2.2.2. Uji Autokorelasi Spasial
Analisis uji autokorelasi spasial dilakukan terhadap jumlah industri kerajinan gerabah yang
terdapat dalam setiap kecamatan di kabupaten Kebumen tahun 2011. Dalam analisis ini, kecamatan
dianggap sebagai suatu area yang mengandung nilai tertentu, yaitu jumlah industri kerajinan
gerabah. Pengujian dilakukan dengan menggunakan metode Moran I Global, LISA dengan
menggunakan Moran I, serta metode Getis. Pengolahan dengan menggunakan software Microsoft
Excell dan Geoda. Namun sebelumnya dilakukan pembuatan penimbang kedekatan spasial dengan
metode Queen Contiguity diperoleh matriks berikut:
Berdasarkan matriks tersebut terlihat bahwa secara spasial, terdapat hanya satu kecamatan
yang berbatasan dengan satu kecamatan saja. Sementara itu, dua kecamatan berbatasan hanya dua
kecamatan lain, empat kecamatan yang berbatasan dengan setidaknya tiga kecamatan, lima
kecamatan berbatasan dengan setidaknya empat kecamatan, tujh kecamatan berbatasan dengan
setidaknya lima kecamatan, dan tujuh kecamatan lainnya berbatasan dengan setidaknya enam
kecamamatan
3.2.2.1. Uji Moran I Global
Metode Morans I digunakan untuk mengetahui korelasi antara nilai yang dihasilkan suatu
kecamatan, dengan rata-rata nilai di kecamatan di sekitarnya. Nilai ini dihitung baik secara
unstandardized maupun standardized. Hasilnya kemudian diuji signifikansi dengan menggunakan
statistik Z. dengan H0 adalah tidak terdapat autokorelasi spasial. Nilai unstandardized Morans I
sebesar 0,04 mengindikasikan bahwa tidak terdapat autokorelasi spasial, dan kepadatan jumlah
industri kerajinan gerbah di tiap kecamatan menyebar secara acak. Dengan nilai harapan statistik I
sebesar -0,04 dan varians I sebesar 0,014 maka didapatkan nilai statistik Z untuk Morans I yang tidak
distandarkan sebesar 0,678. Karena nilai Z kurang dari 1,96 maka tidak cukup bukti untuk menolak
H0.
Namun jika matriks penimbang kedekatan tersebut distandarkan, maka didapatkan nilai
Morans I sebesar 0,297. Hasil yang sama dihasilkan antara perhitungan secara manual dengan
menggunakan Microsoft excel dan Geoda mengindikasikan bahwa terdapat pola autokorelasi spasial
antar jumlah industri kerajinan gerabah pada setiap kecamatan. Dengan nilai harapan statistik I
sebesar -0,04 dan varians I sebesar 0,006 maka didapatkan nilai statistik Z untuk Morans I yang tidak
distandarkan sebesar 4,397. Karena nilai Z lebih besar dari Z tabel dengan α = 5 persen, maka H0
ditolak. Artinya dengan menggunakan penimbang kedekatan yang ditandarkan, terdapat pola
autokorelasi spasial serta indikasi bahwa jumlah industri kerajinan gerabah di Kabupaten Kebumen
menyebar mengikuti pola tertentu.
Gambar 3. Scatter Plot untuk Standardized Morans I
Dari Gambar 3 terlihat bahwa terdapat tujuh daerah yang memiliki nilai spatial
autocorrelation positif yang tinggi atara kecamatan tersebut dengan wilayah di sekitarnya.

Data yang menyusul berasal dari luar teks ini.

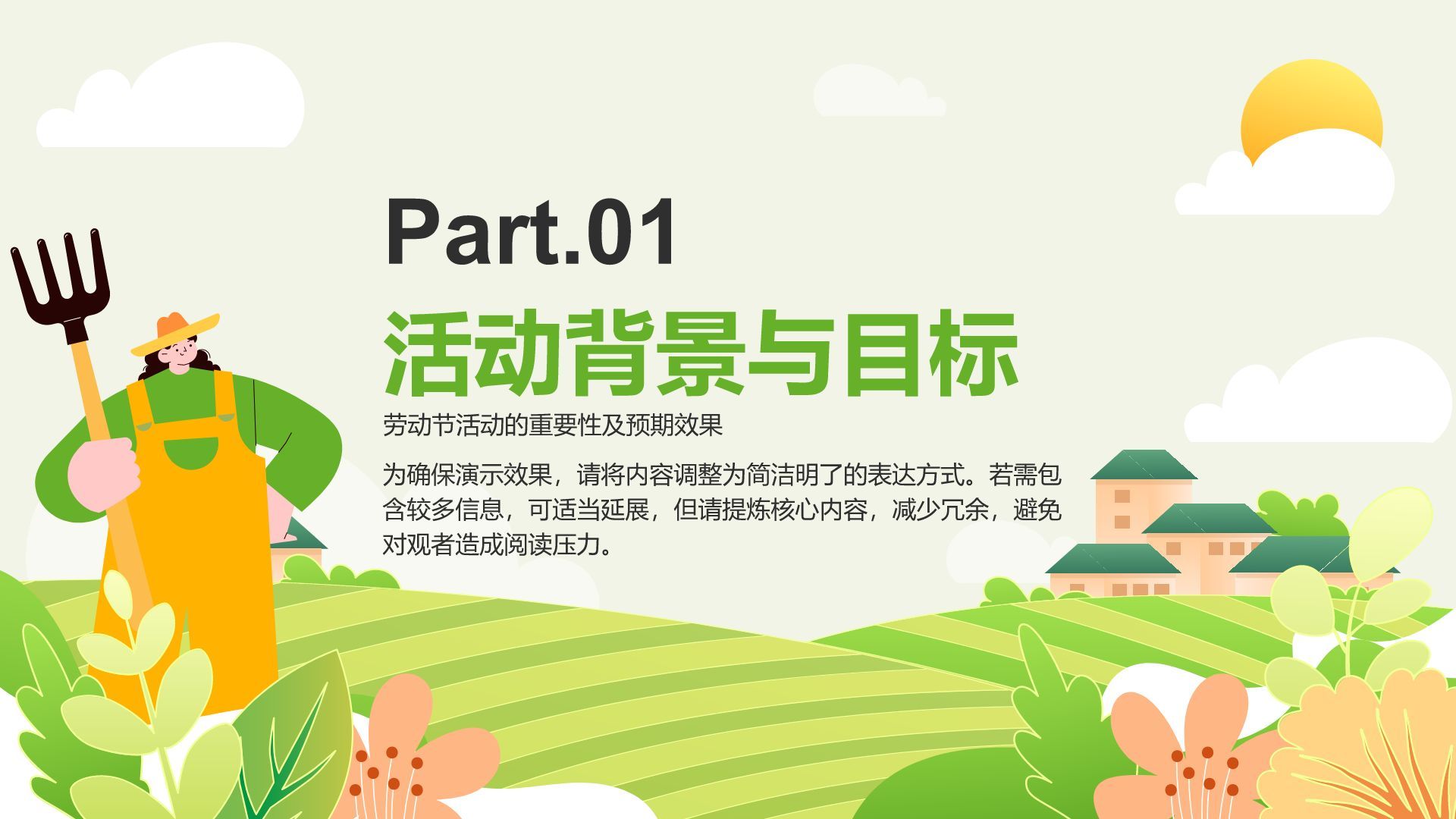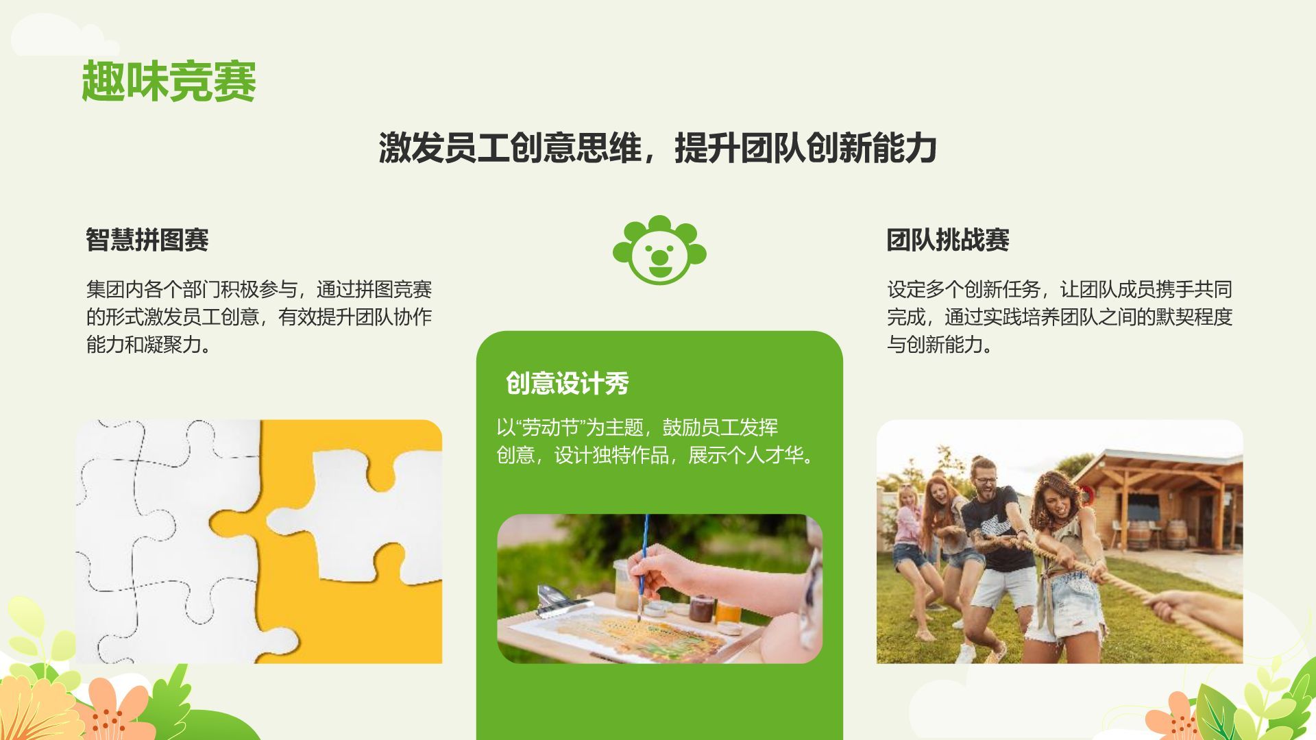 劳动节活动策划,旨在丰富员工文化生活,提升团队凝聚力。活动内容丰富多样,涵盖趣味竞赛、团队建设等,营造欢乐、和谐的工作氛围。

Sementara itu terdapat empat daerah yang autokorelasi spasialnya negatif rendah, namun daerah di
sekitarnya tinggi. Sementara sisanya memiliki nilai autokorelasi spasial positif yang sama-sama
rendah antara kecamatan tersebut dengan daerah di sekitarnya.
3.2.2.1. Uji Moran I Local (Anselin’s LISA)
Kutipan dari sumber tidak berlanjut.